[Source records]
※ ※ ※

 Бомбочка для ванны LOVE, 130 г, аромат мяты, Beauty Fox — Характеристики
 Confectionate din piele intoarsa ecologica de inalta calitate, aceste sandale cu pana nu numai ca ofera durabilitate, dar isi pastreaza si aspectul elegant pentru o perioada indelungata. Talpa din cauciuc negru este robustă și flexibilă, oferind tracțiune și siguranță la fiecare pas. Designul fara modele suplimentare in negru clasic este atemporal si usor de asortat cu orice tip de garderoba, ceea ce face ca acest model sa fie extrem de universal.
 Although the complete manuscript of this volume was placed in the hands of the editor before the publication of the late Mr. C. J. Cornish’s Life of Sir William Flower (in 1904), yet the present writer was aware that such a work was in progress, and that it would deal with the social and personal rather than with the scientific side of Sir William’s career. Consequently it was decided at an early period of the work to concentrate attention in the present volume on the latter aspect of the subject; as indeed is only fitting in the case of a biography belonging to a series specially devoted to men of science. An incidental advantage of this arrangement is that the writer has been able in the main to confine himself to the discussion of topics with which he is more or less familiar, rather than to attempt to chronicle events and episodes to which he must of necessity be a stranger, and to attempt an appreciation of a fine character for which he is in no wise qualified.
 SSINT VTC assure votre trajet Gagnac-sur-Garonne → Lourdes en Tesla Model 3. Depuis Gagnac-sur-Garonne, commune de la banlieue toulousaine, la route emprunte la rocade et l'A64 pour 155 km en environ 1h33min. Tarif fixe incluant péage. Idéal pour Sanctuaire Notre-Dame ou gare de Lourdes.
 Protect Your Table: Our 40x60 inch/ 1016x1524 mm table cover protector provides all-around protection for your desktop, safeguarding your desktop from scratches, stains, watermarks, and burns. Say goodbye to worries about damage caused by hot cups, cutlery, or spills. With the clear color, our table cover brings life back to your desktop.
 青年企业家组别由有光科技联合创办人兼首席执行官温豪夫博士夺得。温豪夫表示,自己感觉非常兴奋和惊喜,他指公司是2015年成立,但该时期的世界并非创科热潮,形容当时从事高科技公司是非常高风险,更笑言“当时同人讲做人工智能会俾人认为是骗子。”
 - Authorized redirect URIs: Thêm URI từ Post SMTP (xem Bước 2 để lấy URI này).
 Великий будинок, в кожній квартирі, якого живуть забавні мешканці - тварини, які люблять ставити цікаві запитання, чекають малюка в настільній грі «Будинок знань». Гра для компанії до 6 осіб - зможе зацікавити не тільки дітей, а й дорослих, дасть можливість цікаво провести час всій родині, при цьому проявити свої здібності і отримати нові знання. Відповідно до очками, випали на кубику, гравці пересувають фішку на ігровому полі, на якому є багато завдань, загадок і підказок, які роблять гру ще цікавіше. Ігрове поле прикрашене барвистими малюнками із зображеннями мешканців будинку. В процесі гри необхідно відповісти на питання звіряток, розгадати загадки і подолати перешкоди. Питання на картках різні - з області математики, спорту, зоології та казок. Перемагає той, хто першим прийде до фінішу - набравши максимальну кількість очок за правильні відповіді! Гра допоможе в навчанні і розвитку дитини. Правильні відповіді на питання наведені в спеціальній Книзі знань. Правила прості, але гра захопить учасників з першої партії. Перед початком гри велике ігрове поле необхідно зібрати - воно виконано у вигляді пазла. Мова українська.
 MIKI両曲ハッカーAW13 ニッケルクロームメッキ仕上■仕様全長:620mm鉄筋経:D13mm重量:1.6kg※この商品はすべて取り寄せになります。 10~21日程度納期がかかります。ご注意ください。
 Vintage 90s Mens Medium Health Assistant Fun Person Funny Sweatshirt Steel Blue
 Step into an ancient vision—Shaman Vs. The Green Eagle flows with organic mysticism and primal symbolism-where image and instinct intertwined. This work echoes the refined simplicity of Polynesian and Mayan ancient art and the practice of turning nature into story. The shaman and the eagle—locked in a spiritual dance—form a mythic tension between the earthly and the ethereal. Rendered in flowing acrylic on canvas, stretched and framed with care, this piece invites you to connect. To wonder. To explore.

※ ※ ※

Prompt: Would you write out all the records exactly as they read?

Result for this task:
 Бомбочка для ванны LOVE, 130 г, аромат мяты, Beauty Fox — Характеристики
 Confectionate din piele intoarsa ecologica de inalta calitate, aceste sandale cu pana nu numai ca ofera durabilitate, dar isi pastreaza si aspectul elegant pentru o perioada indelungata. Talpa din cauciuc negru este robustă și flexibilă, oferind tracțiune și siguranță la fiecare pas. Designul fara modele suplimentare in negru clasic este atemporal si usor de asortat cu orice tip de garderoba, ceea ce face ca acest model sa fie extrem de universal.
 Although the complete manuscript of this volume was placed in the hands of the editor before the publication of the late Mr. C. J. Cornish’s Life of Sir William Flower (in 1904), yet the present writer was aware that such a work was in progress, and that it would deal with the social and personal rather than with the scientific side of Sir William’s career. Consequently it was decided at an early period of the work to concentrate attention in the present volume on the latter aspect of the subject; as indeed is only fitting in the case of a biography belonging to a series specially devoted to men of science. An incidental advantage of this arrangement is that the writer has been able in the main to confine himself to the discussion of topics with which he is more or less familiar, rather than to attempt to chronicle events and episodes to which he must of necessity be a stranger, and to attempt an appreciation of a fine character for which he is in no wise qualified.
 SSINT VTC assure votre trajet Gagnac-sur-Garonne → Lourdes en Tesla Model 3. Depuis Gagnac-sur-Garonne, commune de la banlieue toulousaine, la route emprunte la rocade et l'A64 pour 155 km en environ 1h33min. Tarif fixe incluant péage. Idéal pour Sanctuaire Notre-Dame ou gare de Lourdes.
 Protect Your Table: Our 40x60 inch/ 1016x1524 mm table cover protector provides all-around protection for your desktop, safeguarding your desktop from scratches, stains, watermarks, and burns. Say goodbye to worries about damage caused by hot cups, cutlery, or spills. With the clear color, our table cover brings life back to your desktop.
 青年企业家组别由有光科技联合创办人兼首席执行官温豪夫博士夺得。温豪夫表示,自己感觉非常兴奋和惊喜,他指公司是2015年成立,但该时期的世界并非创科热潮,形容当时从事高科技公司是非常高风险,更笑言“当时同人讲做人工智能会俾人认为是骗子。”
 - Authorized redirect URIs: Thêm URI từ Post SMTP (xem Bước 2 để lấy URI này).
 Великий будинок, в кожній квартирі, якого живуть забавні мешканці - тварини, які люблять ставити цікаві запитання, чекають малюка в настільній грі «Будинок знань». Гра для компанії до 6 осіб - зможе зацікавити не тільки дітей, а й дорослих, дасть можливість цікаво провести час всій родині, при цьому проявити свої здібності і отримати нові знання. Відповідно до очками, випали на кубику, гравці пересувають фішку на ігровому полі, на якому є багато завдань, загадок і підказок, які роблять гру ще цікавіше. Ігрове поле прикрашене барвистими малюнками із зображеннями мешканців будинку. В процесі гри необхідно відповісти на питання звіряток, розгадати загадки і подолати перешкоди. Питання на картках різні - з області математики, спорту, зоології та казок. Перемагає той, хто першим прийде до фінішу - набравши максимальну кількість очок за правильні відповіді! Гра допоможе в навчанні і розвитку дитини. Правильні відповіді на питання наведені в спеціальній Книзі знань. Правила прості, але гра захопить учасників з першої партії. Перед початком гри велике ігрове поле необхідно зібрати - воно виконано у вигляді пазла. Мова українська.
 MIKI両曲ハッカーAW13 ニッケルクロームメッキ仕上■仕様全長:620mm鉄筋経:D13mm重量:1.6kg※この商品はすべて取り寄せになります。 10~21日程度納期がかかります。ご注意ください。
 Vintage 90s Mens Medium Health Assistant Fun Person Funny Sweatshirt Steel Blue
 Step into an ancient vision—Shaman Vs. The Green Eagle flows with organic mysticism and primal symbolism-where image and instinct intertwined. This work echoes the refined simplicity of Polynesian and Mayan ancient art and the practice of turning nature into story. The shaman and the eagle—locked in a spiritual dance—form a mythic tension between the earthly and the ethereal. Rendered in flowing acrylic on canvas, stretched and framed with care, this piece invites you to connect. To wonder. To explore.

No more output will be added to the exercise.